**What is required**
Copy the records below exactly, starting at the line that contains "在報告會第二階段,作家莫言、" and ending at the line that contains "Santa & Mrs."; leave out any pictures.

===== Supplied entries =====

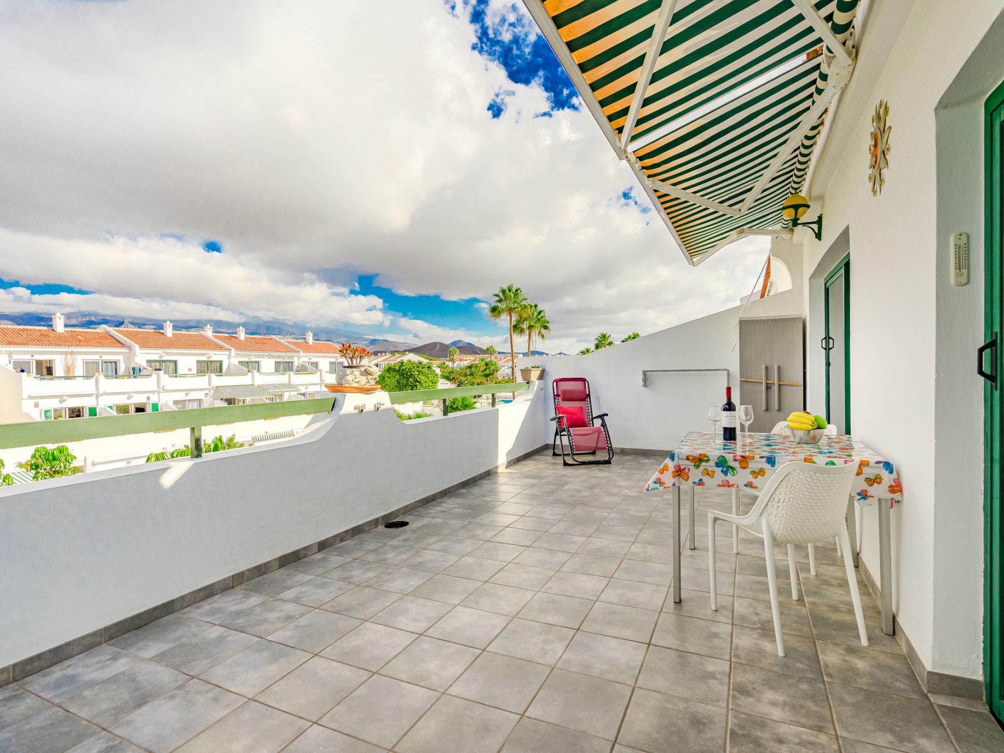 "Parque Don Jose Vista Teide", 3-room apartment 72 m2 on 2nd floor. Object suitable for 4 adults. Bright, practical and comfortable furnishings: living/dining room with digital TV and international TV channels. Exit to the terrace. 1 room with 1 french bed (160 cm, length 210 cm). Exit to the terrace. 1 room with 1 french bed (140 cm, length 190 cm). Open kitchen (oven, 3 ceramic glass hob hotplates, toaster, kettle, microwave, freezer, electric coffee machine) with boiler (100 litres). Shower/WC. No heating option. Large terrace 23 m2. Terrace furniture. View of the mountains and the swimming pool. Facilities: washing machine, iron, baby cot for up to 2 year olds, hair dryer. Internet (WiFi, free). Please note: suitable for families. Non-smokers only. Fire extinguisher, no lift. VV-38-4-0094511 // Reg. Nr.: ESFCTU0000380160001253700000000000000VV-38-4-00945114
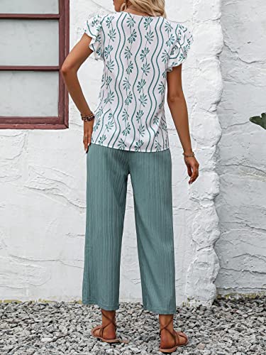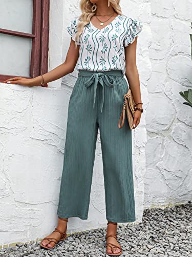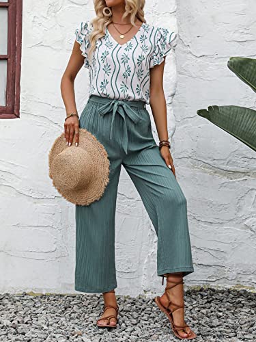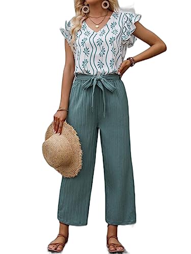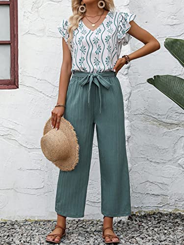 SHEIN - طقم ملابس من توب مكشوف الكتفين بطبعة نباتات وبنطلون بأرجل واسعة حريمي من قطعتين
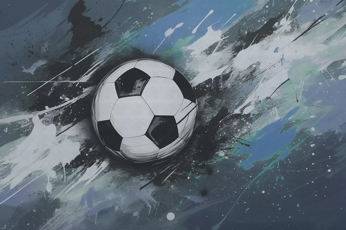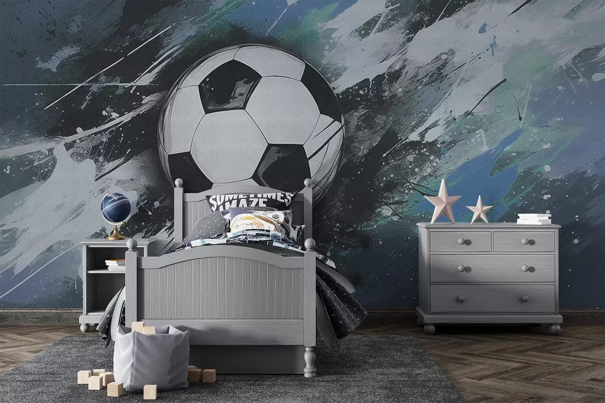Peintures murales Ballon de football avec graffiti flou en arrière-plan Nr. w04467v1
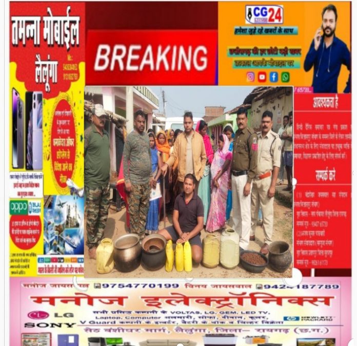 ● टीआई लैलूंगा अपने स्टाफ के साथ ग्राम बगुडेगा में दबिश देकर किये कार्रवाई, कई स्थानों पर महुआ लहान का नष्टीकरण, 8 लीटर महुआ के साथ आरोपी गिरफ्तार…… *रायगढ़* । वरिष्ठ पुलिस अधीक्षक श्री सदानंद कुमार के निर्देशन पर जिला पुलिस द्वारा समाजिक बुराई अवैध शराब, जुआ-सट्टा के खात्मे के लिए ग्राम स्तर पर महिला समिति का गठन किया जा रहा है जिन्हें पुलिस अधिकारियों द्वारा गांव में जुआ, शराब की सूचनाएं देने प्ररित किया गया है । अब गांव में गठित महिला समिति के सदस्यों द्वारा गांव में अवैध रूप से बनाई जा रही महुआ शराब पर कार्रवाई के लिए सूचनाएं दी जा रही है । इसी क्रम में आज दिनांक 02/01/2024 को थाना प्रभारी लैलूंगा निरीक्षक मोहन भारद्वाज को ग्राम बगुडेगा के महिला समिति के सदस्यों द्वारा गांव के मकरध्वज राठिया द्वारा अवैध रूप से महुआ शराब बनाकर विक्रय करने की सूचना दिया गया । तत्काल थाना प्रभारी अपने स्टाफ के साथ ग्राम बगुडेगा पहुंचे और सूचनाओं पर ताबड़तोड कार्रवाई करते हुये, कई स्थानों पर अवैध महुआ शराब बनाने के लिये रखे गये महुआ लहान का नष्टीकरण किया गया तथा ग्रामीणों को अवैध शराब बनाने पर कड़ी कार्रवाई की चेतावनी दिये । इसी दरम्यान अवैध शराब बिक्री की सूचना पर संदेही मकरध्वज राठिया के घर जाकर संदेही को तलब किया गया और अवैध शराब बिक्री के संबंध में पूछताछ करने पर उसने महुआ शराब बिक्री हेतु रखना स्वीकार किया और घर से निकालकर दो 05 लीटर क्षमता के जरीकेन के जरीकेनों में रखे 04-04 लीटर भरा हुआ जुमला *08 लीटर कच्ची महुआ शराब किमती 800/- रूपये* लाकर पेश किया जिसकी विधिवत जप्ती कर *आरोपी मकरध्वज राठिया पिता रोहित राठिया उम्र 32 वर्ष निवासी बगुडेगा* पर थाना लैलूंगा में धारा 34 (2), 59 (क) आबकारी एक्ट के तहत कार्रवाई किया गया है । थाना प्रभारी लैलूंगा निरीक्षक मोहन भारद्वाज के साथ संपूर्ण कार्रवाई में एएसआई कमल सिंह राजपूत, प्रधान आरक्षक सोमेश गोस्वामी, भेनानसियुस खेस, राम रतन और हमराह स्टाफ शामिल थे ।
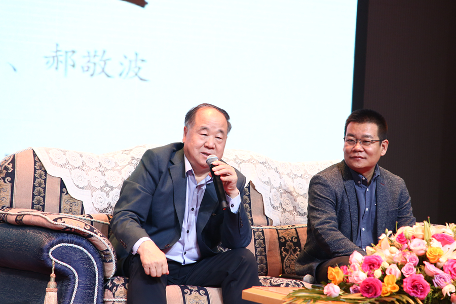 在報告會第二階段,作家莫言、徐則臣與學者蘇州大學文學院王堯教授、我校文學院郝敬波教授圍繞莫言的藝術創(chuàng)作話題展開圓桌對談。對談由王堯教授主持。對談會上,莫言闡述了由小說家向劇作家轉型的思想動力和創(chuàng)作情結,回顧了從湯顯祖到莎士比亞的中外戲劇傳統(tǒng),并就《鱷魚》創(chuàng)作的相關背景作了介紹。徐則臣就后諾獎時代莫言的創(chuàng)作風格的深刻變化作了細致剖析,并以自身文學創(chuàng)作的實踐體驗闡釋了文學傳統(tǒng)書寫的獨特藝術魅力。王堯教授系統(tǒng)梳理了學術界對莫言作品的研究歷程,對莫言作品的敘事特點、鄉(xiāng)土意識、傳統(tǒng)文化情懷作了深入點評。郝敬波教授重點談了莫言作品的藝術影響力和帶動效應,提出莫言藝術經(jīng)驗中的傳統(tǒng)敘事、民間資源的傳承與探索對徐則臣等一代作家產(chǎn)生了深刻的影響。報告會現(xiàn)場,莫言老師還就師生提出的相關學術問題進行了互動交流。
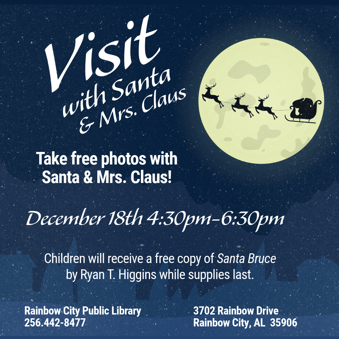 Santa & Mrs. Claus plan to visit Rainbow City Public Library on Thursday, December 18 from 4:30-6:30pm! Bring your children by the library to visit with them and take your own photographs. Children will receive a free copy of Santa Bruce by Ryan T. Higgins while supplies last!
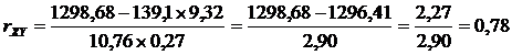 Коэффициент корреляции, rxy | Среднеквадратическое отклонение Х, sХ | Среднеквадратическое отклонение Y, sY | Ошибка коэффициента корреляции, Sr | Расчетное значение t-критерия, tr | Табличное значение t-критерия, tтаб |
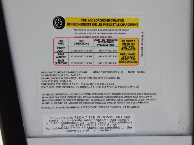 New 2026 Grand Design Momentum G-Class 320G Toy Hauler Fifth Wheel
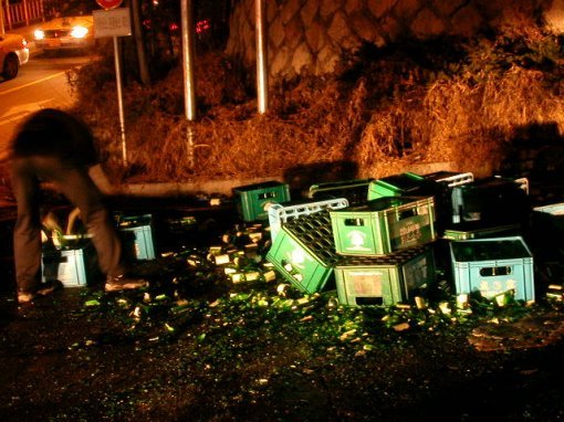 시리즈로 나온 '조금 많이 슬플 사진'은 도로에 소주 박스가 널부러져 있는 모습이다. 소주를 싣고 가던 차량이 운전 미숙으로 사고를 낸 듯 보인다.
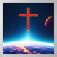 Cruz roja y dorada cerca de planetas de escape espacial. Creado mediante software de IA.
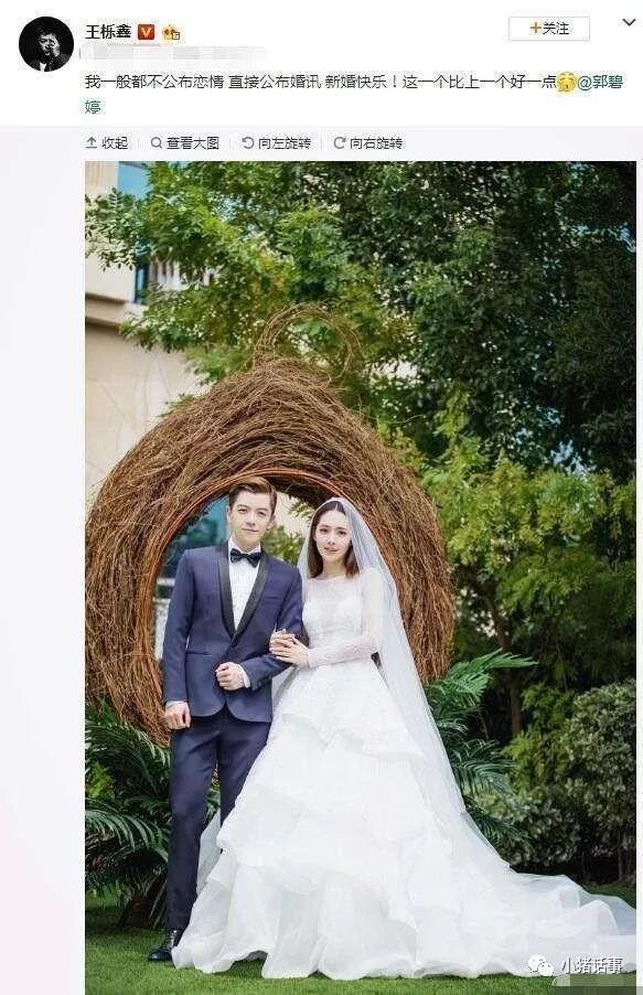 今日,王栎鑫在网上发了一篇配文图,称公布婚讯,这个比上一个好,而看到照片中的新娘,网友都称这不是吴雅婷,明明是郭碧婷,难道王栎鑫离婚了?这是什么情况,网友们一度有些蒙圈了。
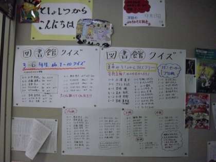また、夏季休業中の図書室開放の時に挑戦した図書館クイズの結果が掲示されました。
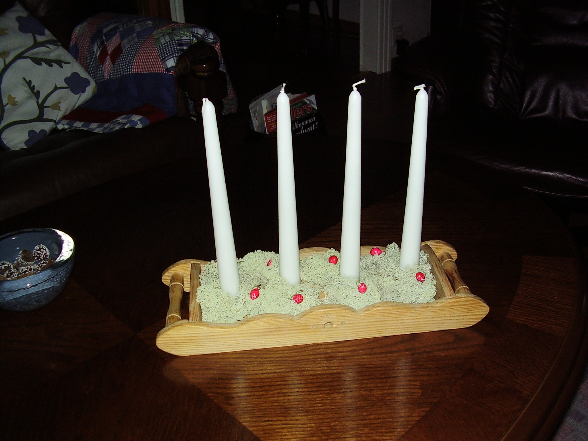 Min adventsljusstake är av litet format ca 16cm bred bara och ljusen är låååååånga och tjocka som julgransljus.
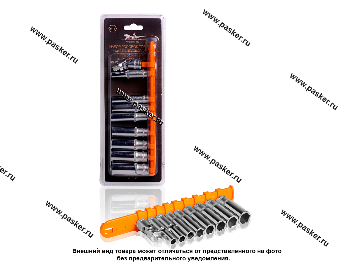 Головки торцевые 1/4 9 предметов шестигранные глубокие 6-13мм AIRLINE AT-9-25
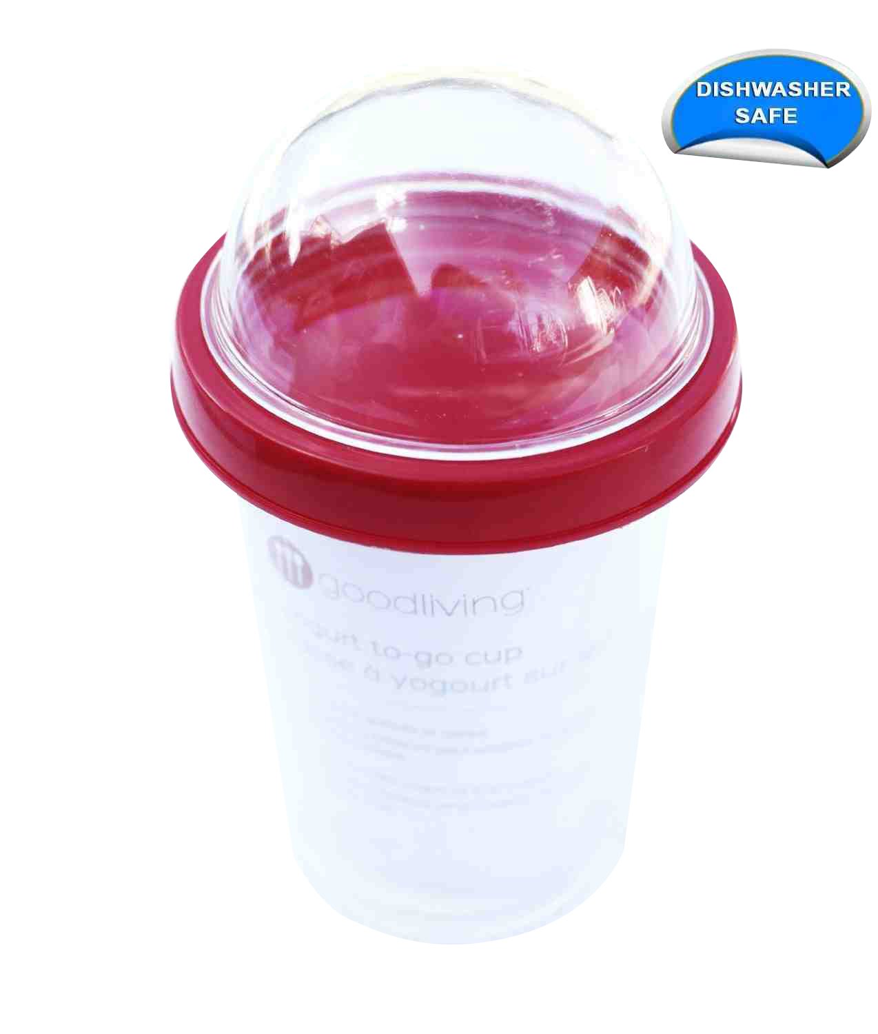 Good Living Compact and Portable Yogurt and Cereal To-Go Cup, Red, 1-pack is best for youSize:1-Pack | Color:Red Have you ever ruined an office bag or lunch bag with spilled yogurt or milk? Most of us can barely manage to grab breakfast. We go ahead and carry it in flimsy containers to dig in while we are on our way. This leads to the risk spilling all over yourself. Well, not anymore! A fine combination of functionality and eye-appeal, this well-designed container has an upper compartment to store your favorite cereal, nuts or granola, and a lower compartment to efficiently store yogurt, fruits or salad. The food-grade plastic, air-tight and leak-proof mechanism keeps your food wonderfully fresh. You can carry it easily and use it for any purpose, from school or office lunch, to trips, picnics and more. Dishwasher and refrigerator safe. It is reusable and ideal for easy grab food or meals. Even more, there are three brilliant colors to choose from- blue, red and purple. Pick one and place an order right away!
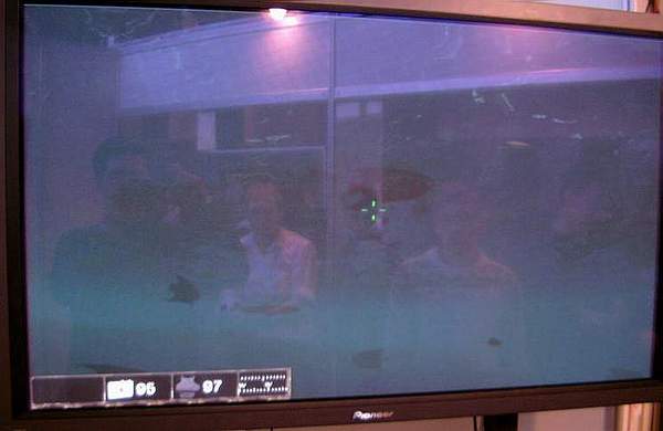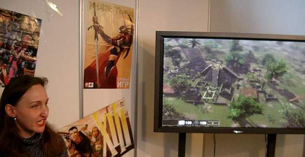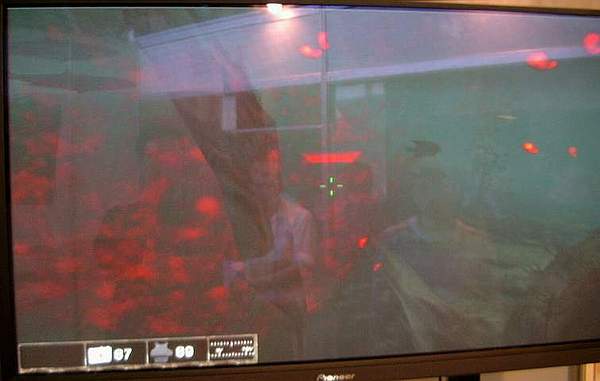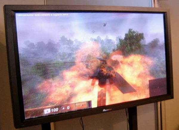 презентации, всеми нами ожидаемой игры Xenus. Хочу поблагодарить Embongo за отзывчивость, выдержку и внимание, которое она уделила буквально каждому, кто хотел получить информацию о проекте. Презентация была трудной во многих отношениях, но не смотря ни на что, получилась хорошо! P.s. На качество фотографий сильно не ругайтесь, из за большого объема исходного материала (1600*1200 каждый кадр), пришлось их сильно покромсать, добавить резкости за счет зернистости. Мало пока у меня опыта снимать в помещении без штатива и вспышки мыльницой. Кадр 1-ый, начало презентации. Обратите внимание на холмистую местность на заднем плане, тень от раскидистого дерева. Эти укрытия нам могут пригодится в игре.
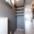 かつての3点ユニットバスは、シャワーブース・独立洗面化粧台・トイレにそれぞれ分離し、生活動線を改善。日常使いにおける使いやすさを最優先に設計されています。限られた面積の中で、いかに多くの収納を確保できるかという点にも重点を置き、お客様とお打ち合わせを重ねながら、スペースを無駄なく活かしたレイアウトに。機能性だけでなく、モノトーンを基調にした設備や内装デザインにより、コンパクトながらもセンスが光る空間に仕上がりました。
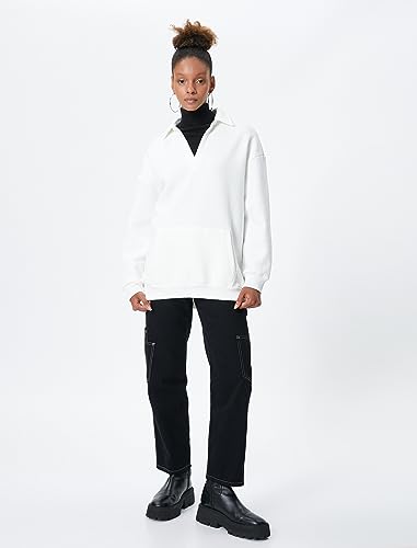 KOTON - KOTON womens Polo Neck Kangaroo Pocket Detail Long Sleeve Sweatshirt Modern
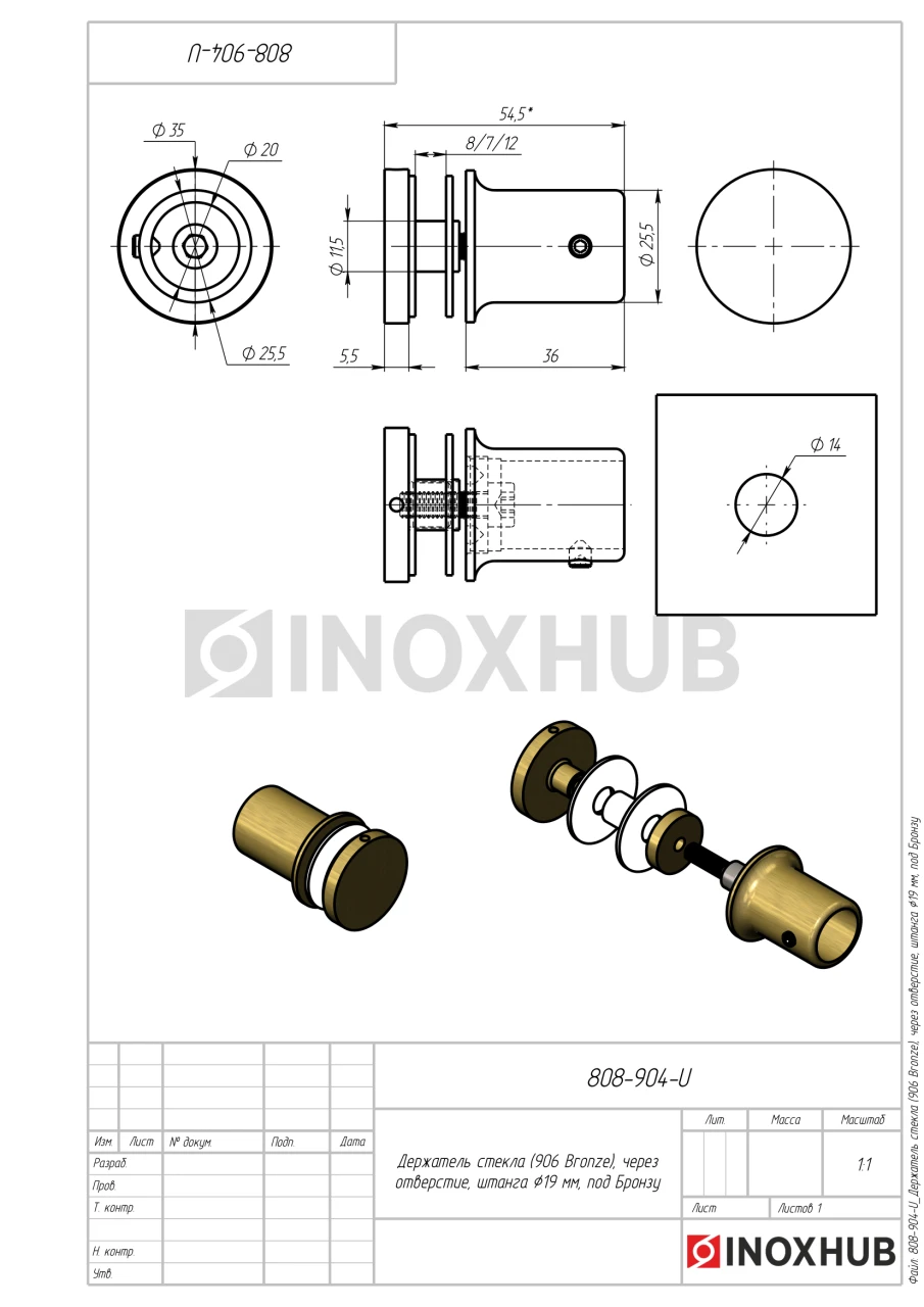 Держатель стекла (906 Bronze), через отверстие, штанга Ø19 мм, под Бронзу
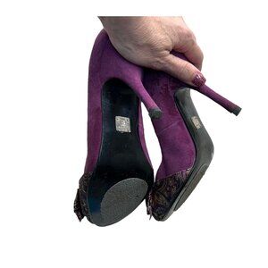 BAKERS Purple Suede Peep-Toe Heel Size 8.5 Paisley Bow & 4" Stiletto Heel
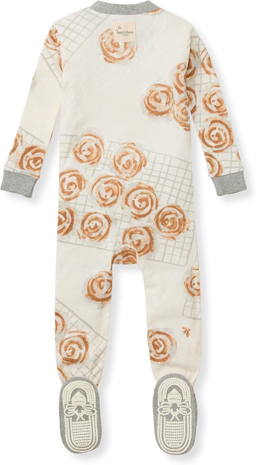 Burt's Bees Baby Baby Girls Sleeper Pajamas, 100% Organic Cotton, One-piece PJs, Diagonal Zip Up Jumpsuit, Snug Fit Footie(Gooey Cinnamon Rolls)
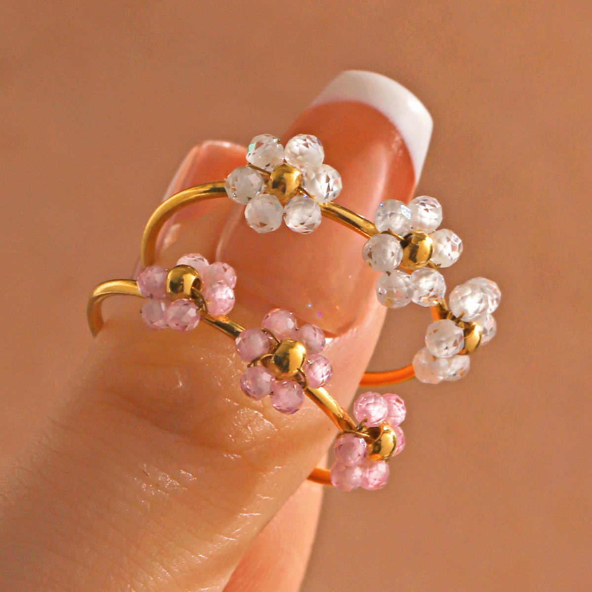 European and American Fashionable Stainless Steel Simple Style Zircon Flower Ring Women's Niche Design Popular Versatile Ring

=====

**Exercise output**
 在報告會第二階段,作家莫言、徐則臣與學者蘇州大學文學院王堯教授、我校文學院郝敬波教授圍繞莫言的藝術創(chuàng)作話題展開圓桌對談。對談由王堯教授主持。對談會上,莫言闡述了由小說家向劇作家轉型的思想動力和創(chuàng)作情結,回顧了從湯顯祖到莎士比亞的中外戲劇傳統(tǒng),并就《鱷魚》創(chuàng)作的相關背景作了介紹。徐則臣就后諾獎時代莫言的創(chuàng)作風格的深刻變化作了細致剖析,并以自身文學創(chuàng)作的實踐體驗闡釋了文學傳統(tǒng)書寫的獨特藝術魅力。王堯教授系統(tǒng)梳理了學術界對莫言作品的研究歷程,對莫言作品的敘事特點、鄉(xiāng)土意識、傳統(tǒng)文化情懷作了深入點評。郝敬波教授重點談了莫言作品的藝術影響力和帶動效應,提出莫言藝術經(jīng)驗中的傳統(tǒng)敘事、民間資源的傳承與探索對徐則臣等一代作家產(chǎn)生了深刻的影響。報告會現(xiàn)場,莫言老師還就師生提出的相關學術問題進行了互動交流。
 Santa & Mrs. Claus plan to visit Rainbow City Public Library on Thursday, December 18 from 4:30-6:30pm! Bring your children by the library to visit with them and take your own photographs. Children will receive a free copy of Santa Bruce by Ryan T. Higgins while supplies last!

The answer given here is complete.